• Assignment
Write out the lines below exactly, beginning at the one with "Artículo. 67.- Se" and stopping after the one with "Компрессор (Nova Bright)"; the pictures are not copied.

Top of Exercise data

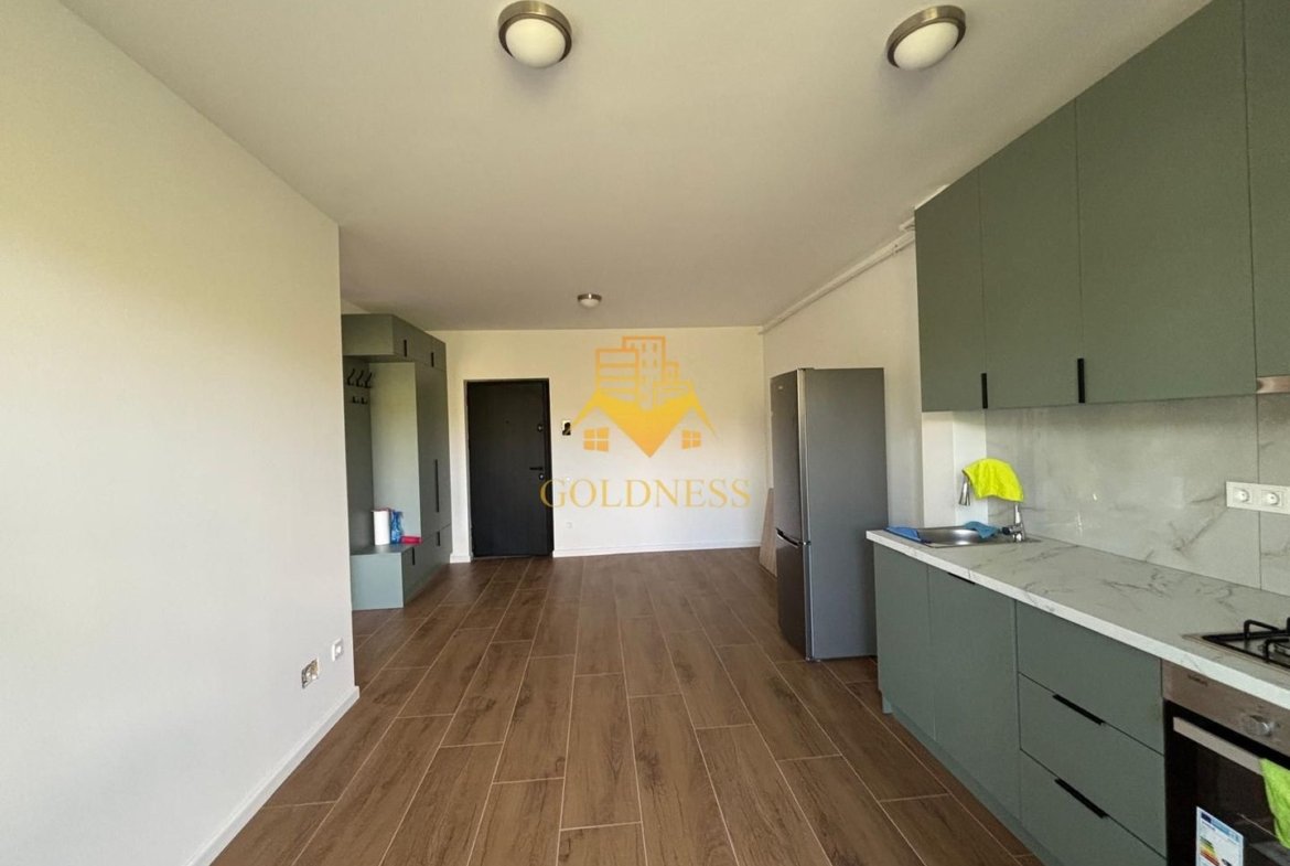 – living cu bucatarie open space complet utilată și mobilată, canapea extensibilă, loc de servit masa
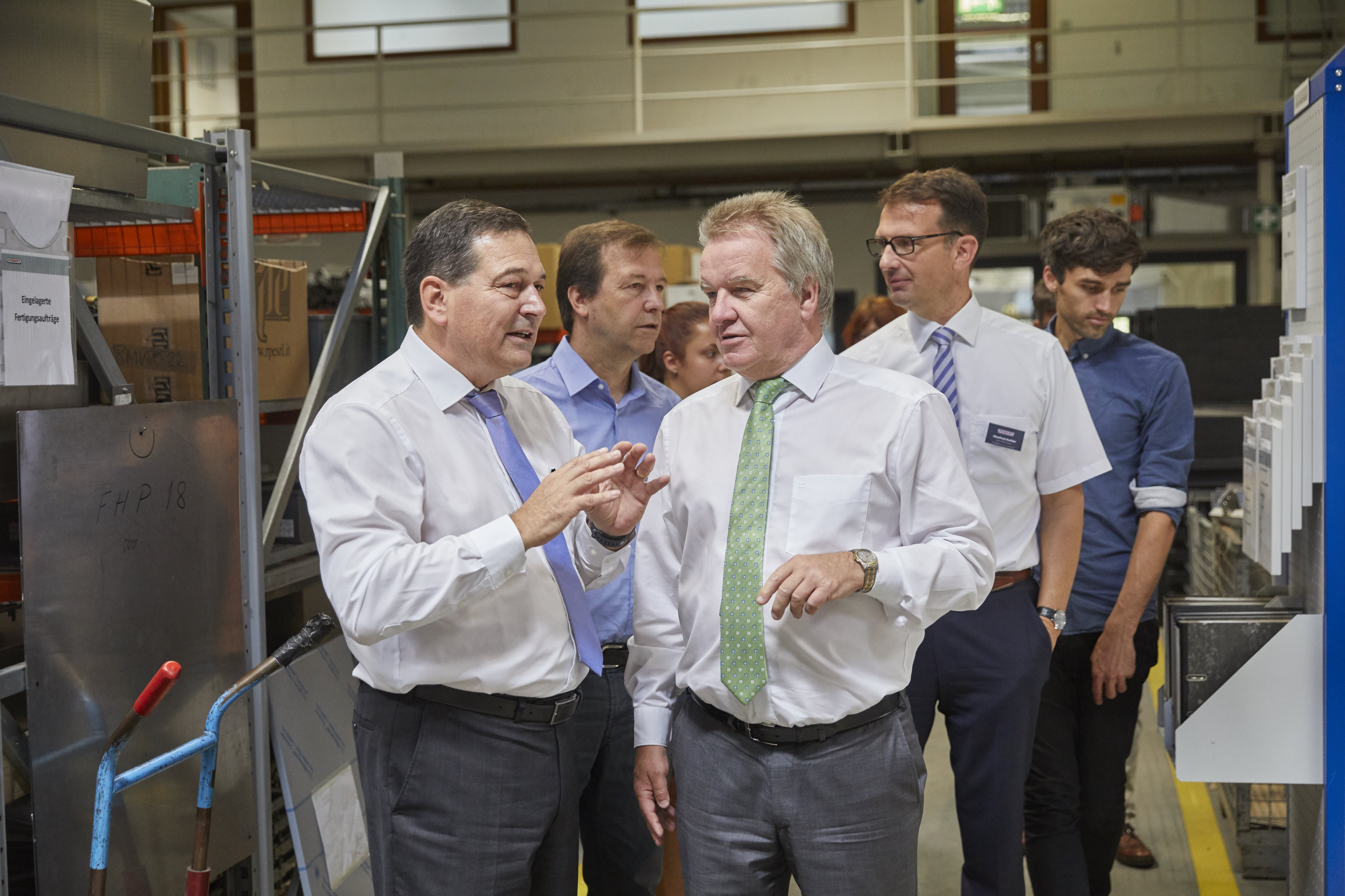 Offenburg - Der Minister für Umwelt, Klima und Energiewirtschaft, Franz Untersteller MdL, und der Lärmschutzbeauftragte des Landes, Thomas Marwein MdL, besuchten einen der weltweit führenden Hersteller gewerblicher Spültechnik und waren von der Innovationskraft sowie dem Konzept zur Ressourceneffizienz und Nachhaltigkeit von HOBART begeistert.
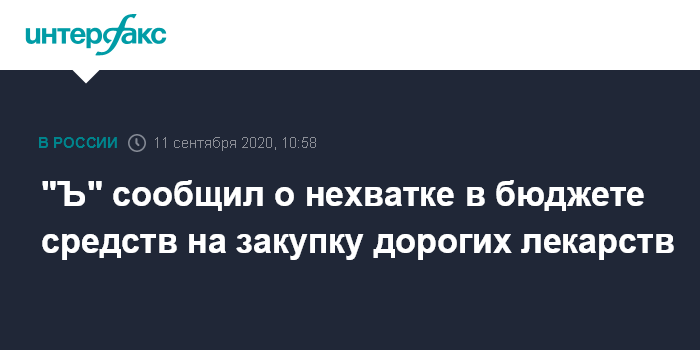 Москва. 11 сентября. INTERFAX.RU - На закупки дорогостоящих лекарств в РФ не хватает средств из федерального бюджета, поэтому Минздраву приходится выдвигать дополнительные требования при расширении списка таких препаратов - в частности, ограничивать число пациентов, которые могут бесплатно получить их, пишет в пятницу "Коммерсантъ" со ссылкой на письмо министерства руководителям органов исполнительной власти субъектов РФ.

Bottom of Exercise data
Top of Exercise data

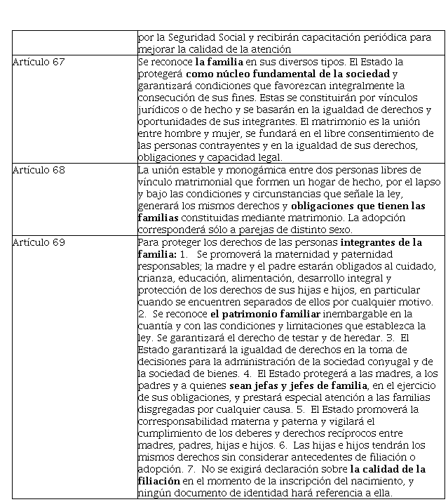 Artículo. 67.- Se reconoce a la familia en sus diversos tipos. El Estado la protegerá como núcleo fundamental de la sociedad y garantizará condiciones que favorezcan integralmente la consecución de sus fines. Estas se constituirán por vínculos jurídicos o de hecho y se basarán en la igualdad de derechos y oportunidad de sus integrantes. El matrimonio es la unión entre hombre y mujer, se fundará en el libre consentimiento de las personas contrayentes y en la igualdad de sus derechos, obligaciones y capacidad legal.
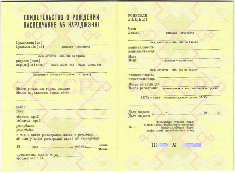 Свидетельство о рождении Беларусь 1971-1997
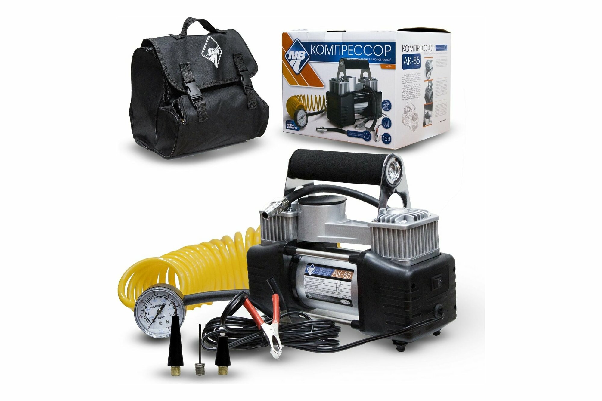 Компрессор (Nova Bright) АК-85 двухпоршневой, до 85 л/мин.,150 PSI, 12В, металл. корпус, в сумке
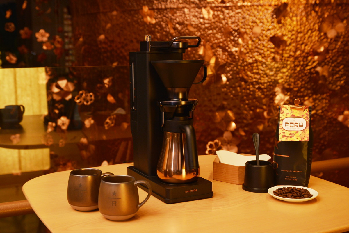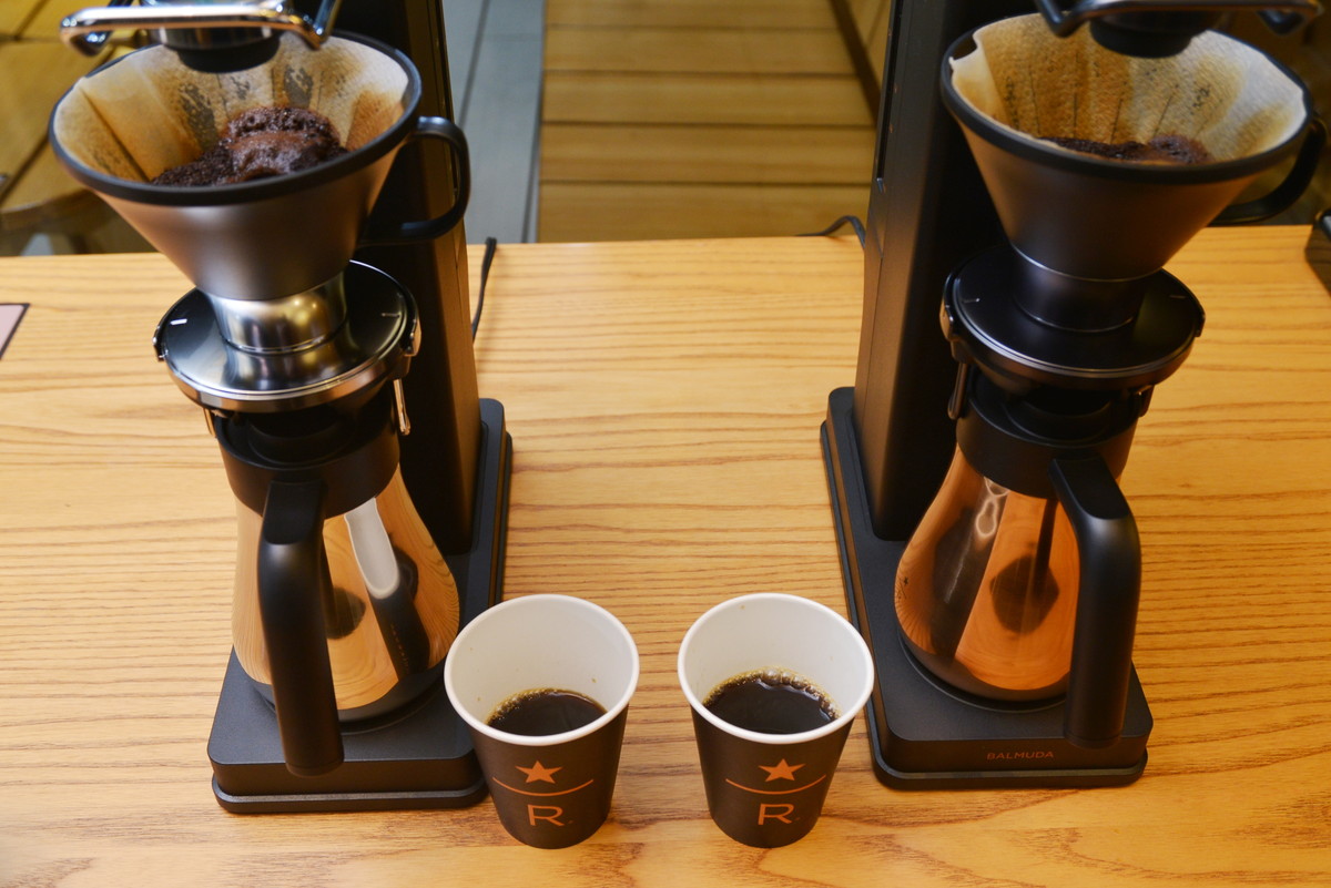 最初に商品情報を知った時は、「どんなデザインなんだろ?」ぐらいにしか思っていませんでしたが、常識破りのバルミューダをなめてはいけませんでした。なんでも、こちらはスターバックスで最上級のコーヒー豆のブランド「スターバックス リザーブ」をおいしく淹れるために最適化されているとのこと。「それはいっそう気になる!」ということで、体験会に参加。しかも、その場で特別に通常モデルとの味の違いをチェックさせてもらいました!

Bottom of Exercise data
Top of Exercise data

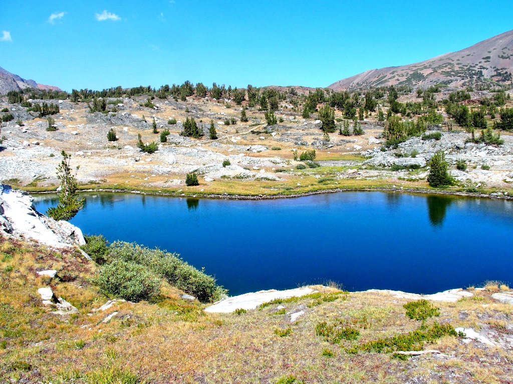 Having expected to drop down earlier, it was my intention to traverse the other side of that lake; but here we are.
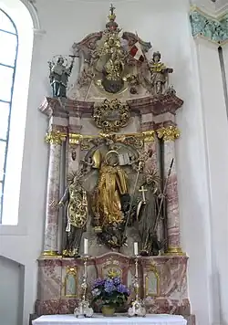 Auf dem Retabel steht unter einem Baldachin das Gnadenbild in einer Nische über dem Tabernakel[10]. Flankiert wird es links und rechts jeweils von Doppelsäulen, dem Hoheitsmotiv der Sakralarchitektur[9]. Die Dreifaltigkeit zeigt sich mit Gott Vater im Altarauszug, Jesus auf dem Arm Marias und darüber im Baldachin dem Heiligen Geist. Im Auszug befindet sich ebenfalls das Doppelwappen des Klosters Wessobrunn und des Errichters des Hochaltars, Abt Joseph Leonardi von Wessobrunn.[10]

Bottom of Exercise data

• Solution to the exercise
 Artículo. 67.- Se reconoce a la familia en sus diversos tipos. El Estado la protegerá como núcleo fundamental de la sociedad y garantizará condiciones que favorezcan integralmente la consecución de sus fines. Estas se constituirán por vínculos jurídicos o de hecho y se basarán en la igualdad de derechos y oportunidad de sus integrantes. El matrimonio es la unión entre hombre y mujer, se fundará en el libre consentimiento de las personas contrayentes y en la igualdad de sus derechos, obligaciones y capacidad legal.
 Свидетельство о рождении Беларусь 1971-1997
 Компрессор (Nova Bright) АК-85 двухпоршневой, до 85 л/мин.,150 PSI, 12В, металл. корпус, в сумке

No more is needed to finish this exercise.